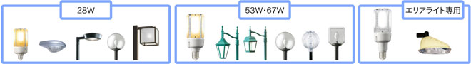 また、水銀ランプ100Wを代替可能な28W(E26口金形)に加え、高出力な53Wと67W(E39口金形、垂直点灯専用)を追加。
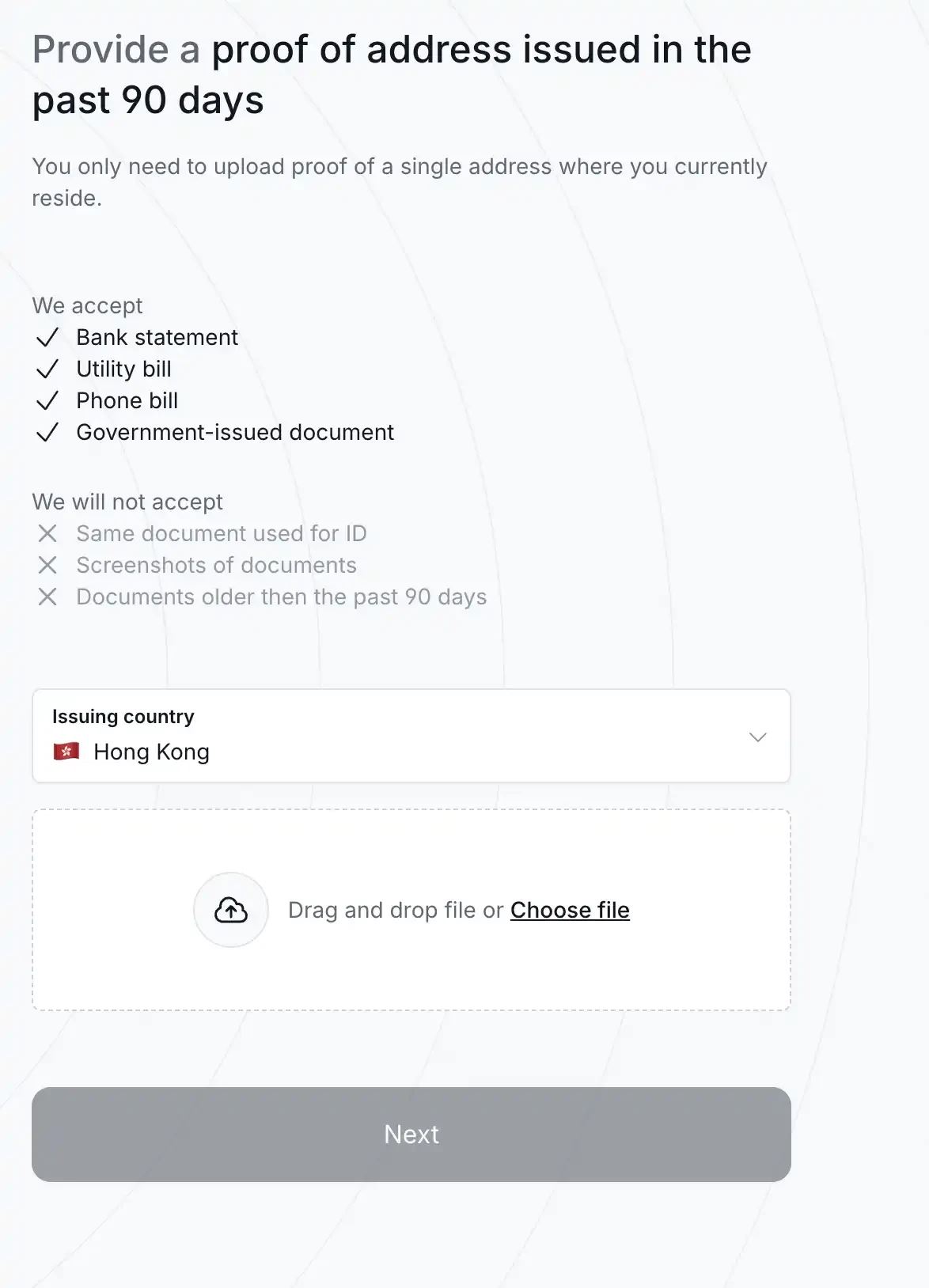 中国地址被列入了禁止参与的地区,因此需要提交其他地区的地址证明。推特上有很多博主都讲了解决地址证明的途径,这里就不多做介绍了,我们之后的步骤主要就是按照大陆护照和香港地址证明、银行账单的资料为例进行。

==

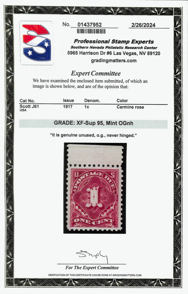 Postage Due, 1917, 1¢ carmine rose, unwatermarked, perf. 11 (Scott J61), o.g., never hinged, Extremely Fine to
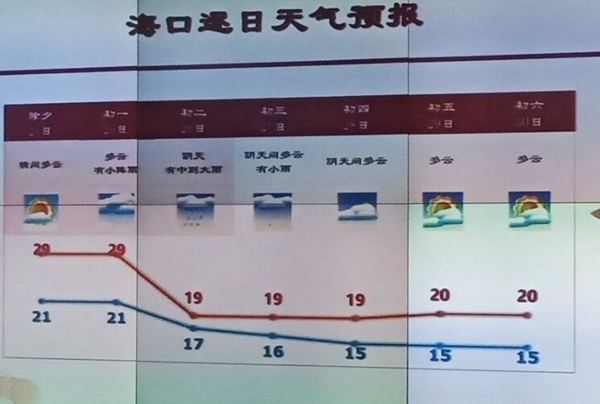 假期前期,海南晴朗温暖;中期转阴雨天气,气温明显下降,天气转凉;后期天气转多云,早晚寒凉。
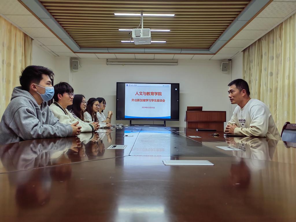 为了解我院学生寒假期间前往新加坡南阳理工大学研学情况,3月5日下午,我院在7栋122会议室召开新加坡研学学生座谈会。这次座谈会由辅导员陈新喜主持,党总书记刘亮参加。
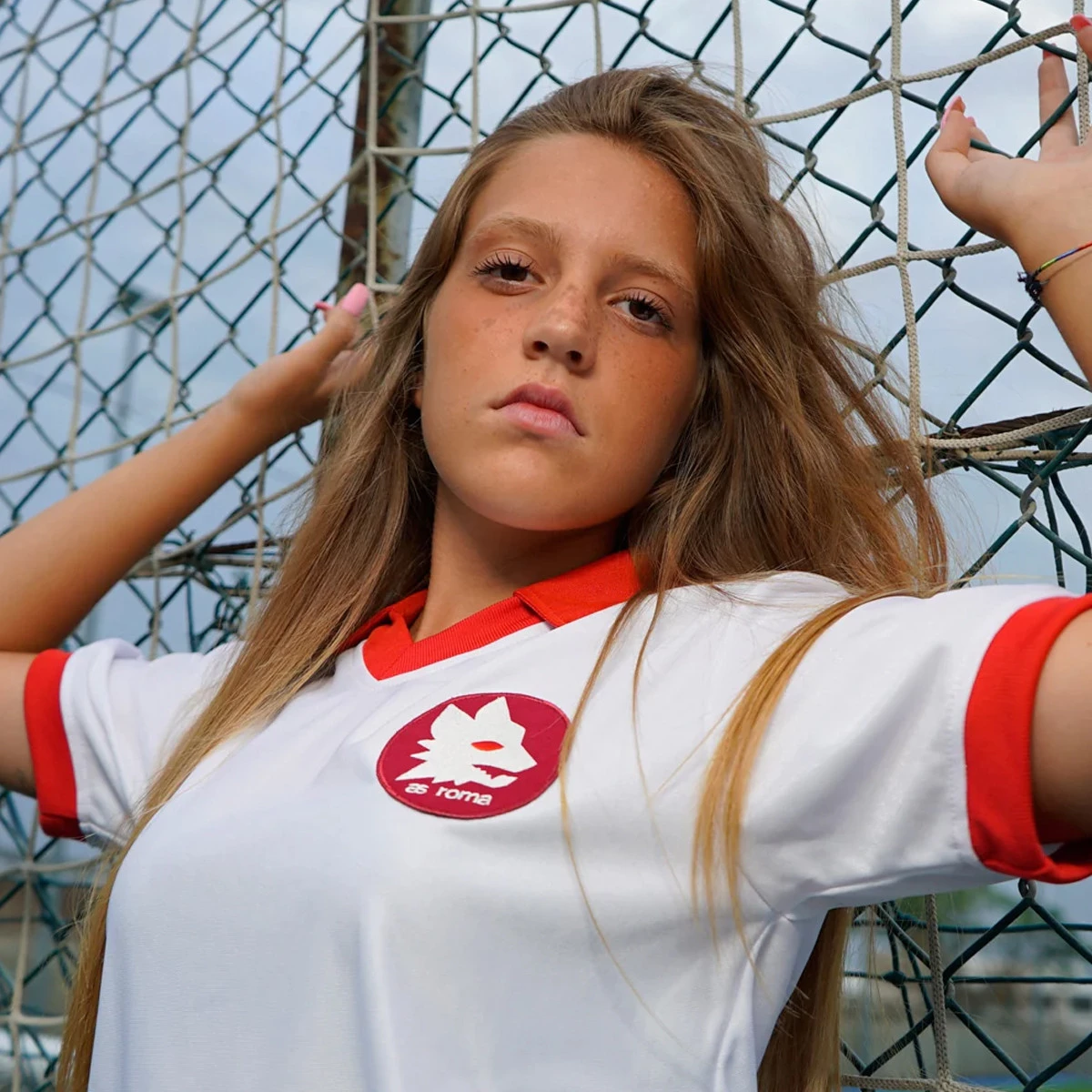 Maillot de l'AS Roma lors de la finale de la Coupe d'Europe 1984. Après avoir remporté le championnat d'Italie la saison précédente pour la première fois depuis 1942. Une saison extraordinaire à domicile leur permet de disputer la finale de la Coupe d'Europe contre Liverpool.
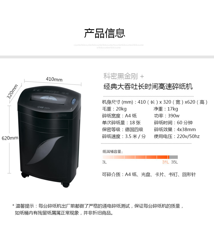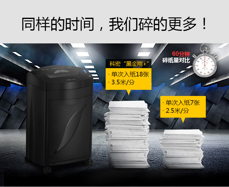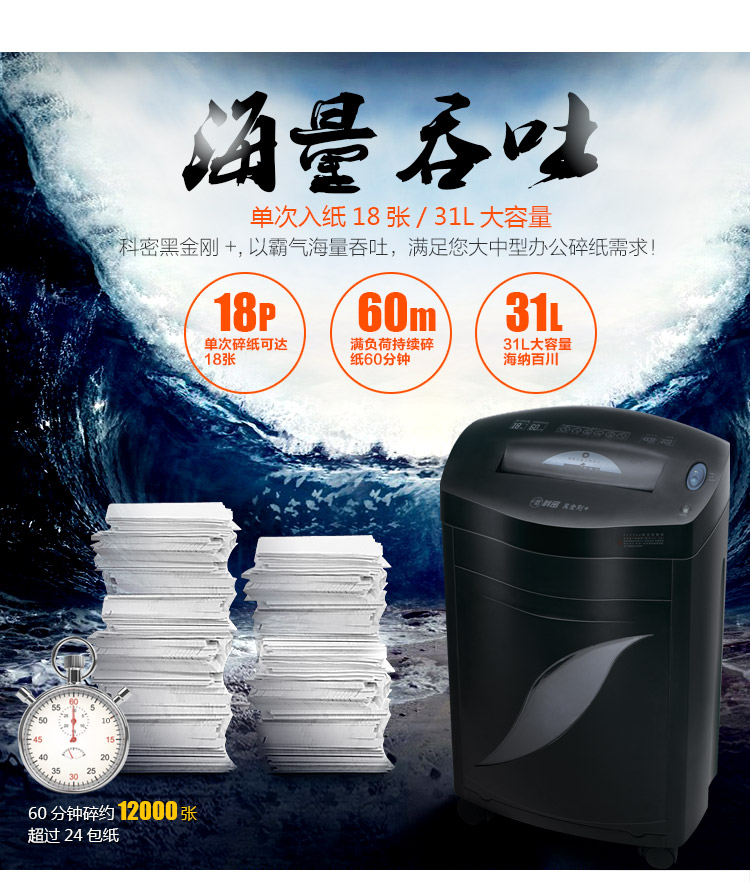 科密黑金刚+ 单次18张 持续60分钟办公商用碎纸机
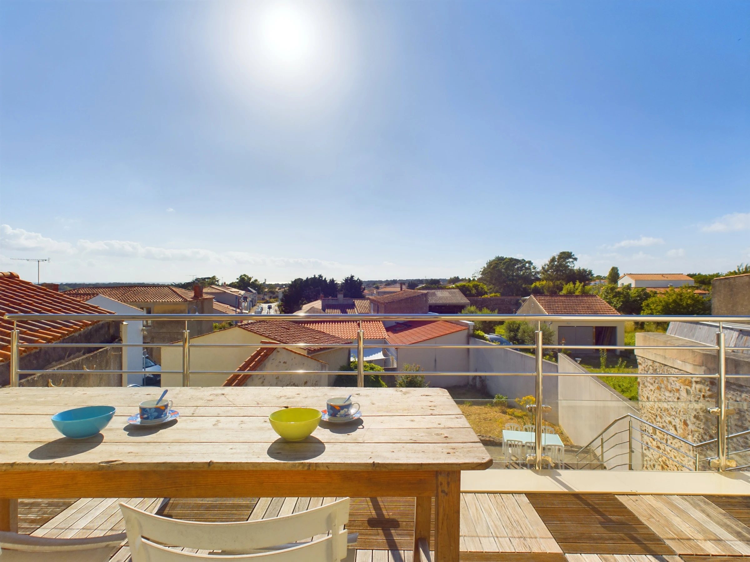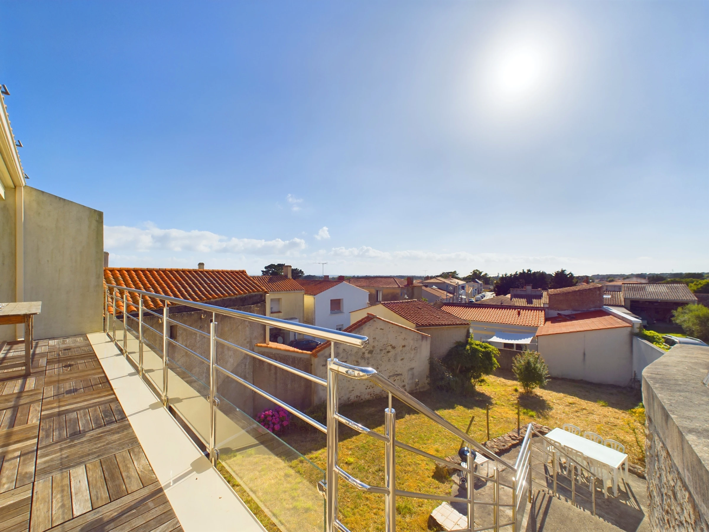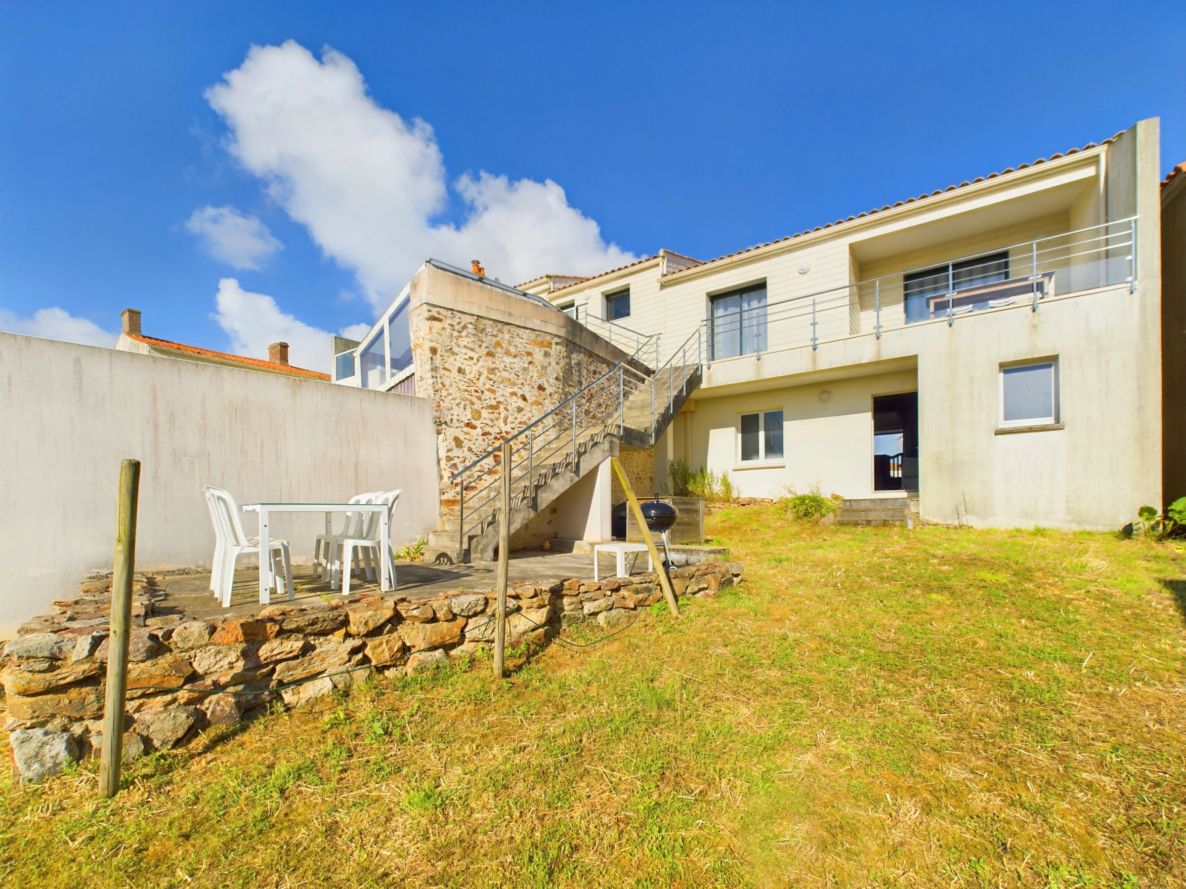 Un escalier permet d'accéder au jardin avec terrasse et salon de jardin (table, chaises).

--

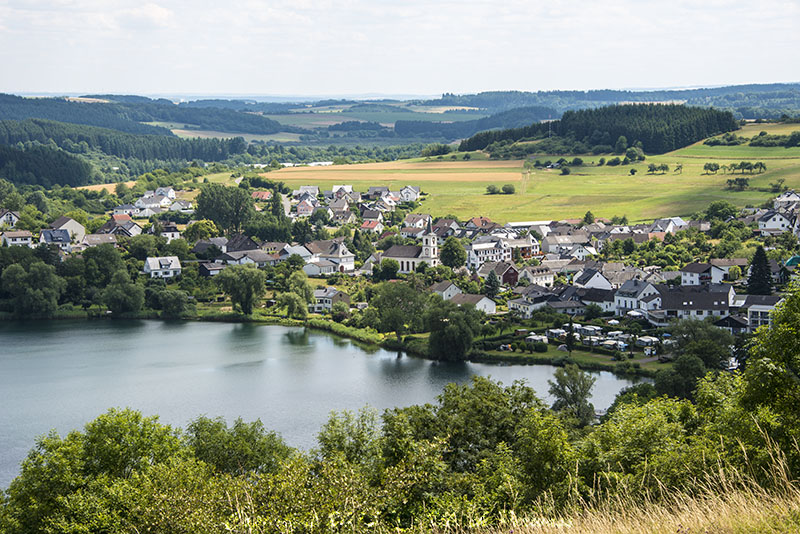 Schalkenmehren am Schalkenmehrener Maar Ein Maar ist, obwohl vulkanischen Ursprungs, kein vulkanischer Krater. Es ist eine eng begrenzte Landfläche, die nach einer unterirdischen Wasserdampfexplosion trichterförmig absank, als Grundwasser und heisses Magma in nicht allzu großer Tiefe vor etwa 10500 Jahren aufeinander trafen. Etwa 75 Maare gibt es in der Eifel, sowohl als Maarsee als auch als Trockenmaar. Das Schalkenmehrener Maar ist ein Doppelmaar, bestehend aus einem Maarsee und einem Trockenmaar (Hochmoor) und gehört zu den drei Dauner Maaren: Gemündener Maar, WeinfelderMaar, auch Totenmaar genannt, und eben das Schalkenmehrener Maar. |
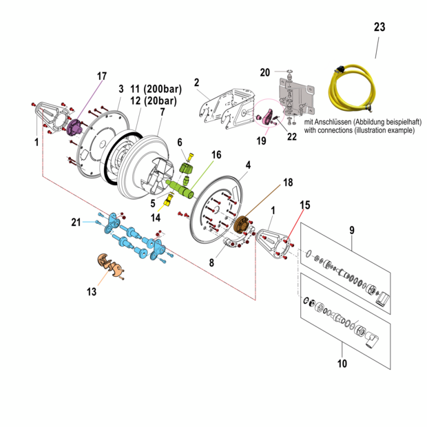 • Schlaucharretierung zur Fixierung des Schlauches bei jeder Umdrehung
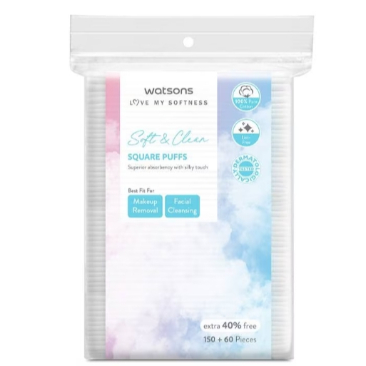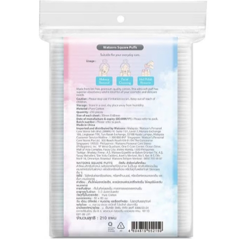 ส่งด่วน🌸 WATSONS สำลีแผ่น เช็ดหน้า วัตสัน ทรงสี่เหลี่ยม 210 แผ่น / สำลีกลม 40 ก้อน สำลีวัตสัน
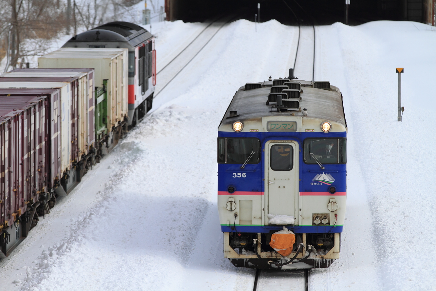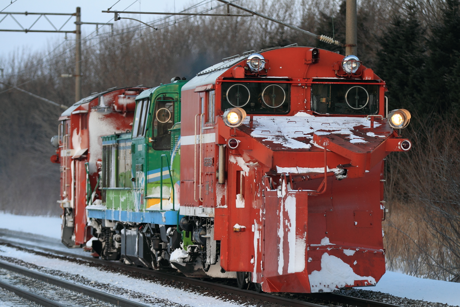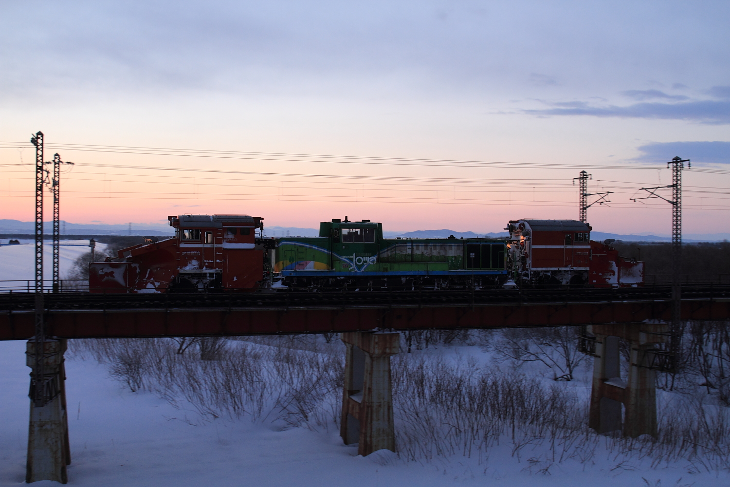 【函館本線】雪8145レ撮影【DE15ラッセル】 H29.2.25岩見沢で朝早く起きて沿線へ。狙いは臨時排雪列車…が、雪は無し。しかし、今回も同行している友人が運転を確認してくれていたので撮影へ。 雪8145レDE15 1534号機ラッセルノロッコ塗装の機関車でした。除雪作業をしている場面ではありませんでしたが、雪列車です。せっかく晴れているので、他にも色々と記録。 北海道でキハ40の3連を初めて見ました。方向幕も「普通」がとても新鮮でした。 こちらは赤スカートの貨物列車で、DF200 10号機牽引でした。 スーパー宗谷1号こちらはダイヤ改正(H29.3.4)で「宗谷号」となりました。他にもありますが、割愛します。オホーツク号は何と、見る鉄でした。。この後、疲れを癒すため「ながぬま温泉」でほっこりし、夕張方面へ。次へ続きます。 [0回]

What you are asked to do
Copy out exactly the lines above beginning with the line that contains "また、水銀ランプ100Wを代" and finishing with the line that contains "中国地址被列入了禁止参与的地", including both; leave the pictures out.

Expected output
 また、水銀ランプ100Wを代替可能な28W(E26口金形)に加え、高出力な53Wと67W(E39口金形、垂直点灯専用)を追加。
 中国地址被列入了禁止参与的地区,因此需要提交其他地区的地址证明。推特上有很多博主都讲了解决地址证明的途径,这里就不多做介绍了,我们之后的步骤主要就是按照大陆护照和香港地址证明、银行账单的资料为例进行。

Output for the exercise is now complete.